Cerró la pluma como si fuera de cristal, enarcó las cejas con el suficiente esfuerzo como para mantenerlas en alto una temporada.

—Bien. Usted dirá. Supongo que no habrá venido sólo para contarme cosas del loco de Vilaseca. Bueno loco, loco… Otra vez la risa personal y transferible.

—Ya me gustaría vivir como ese loco… Vive de puta madre, ¡de puta madre!

Se envainó una mano con la otra, hundió su cabeza en el pecho como para concentrarse más en el personaje que tenía delante y le alentó:

—Dígame, dígame.

—Usted parece haber sido uno de los compañeros de juventud que más siguió relacionándose con Jaumá.

—Tal como lo dice debo entender que ya no me considera joven.

—Ya no tan joven.

—Así está mejor.

De nuevo la propuesta de risa.

—He vuelto a abrir el caso y quisiera qué usted me contara cosas que me inciten a mantenerlo abierto. Es decir, cosas que hagan viable la sospecha de que Jaumá no fue asesinado como pretende la explicación oficial.

Suspiro lento. Meditación lenta. Movimientos lentos en búsqueda de la retaguardia del sillón con orejeras, lento descanso de la cabeza en una orejera, lento regreso a la posición inicial.

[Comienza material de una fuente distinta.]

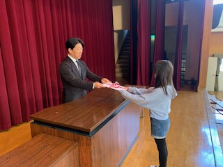 校長先生から、5年生の代表児童に修了証が授与されました。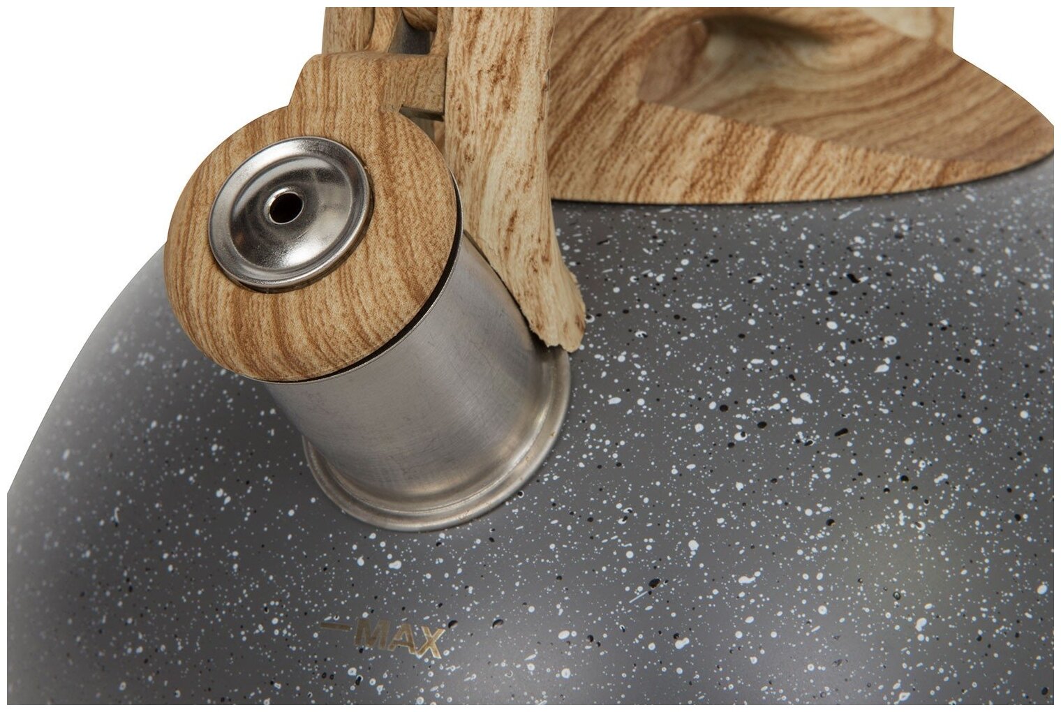 Насадка-свисток позволяет контролировать процесс нагрева и кипячения воды. Носик открывается нажатием кнопки на рукоятке (курковый механизм).

—Nada me permite ayudarle. Todo lo que sé sobre Jaumá se lo conté a la policía y todo lo que sé y puedo contar hace perfectamente lógico el desgraciado final de Jaumá. Yo le conocía mucho, mucho…

Sacó un Davidoff especial de una caja de tabaco inglesa con humidor marca Dunhill. Con una ligera tea de madera de cedro calentó meticulosamente una punta del puro y cuando quedaron prendidos los cantos lo agitó continuamente entre dos dedos hasta conseguir un encendido total. Luego cortó la otra punta con un cortapuros de plata y succionó una compacta masa de humo.

—Por favor.

Dijo de pronto como molesto consigo mismo por un imperdonable olvido, y tendió a Carvalho la caja de los Davidoff. El detective estaba seguro de que la maniobra había sido estudiada y de que era un test para comprobar hasta qué punto Carvalho se sentía atraído por el tabaco de calité. Los ojos de Carvalho no habían abandonado el Davidoff desde que apareciera en la mano de Argemí como brotó la manzana en la mano de Eva. Con complacencia evidente Argemí observó que Carvalho repetía el encendido ritualesco, y cuando los dos Davidoff quedaron con las perfectas ascuas enfrentadas un vínculo de connaisseurs se había establecido entre el empresario y el detective. Se palmeó Argemí una leve tripita de animal lujoso.

—Jaumá no fumaba.

—Pero comía y bebía.

—¡Y jodia! ¡Y jodia! ¡No lo olvide! ¡Y jodia!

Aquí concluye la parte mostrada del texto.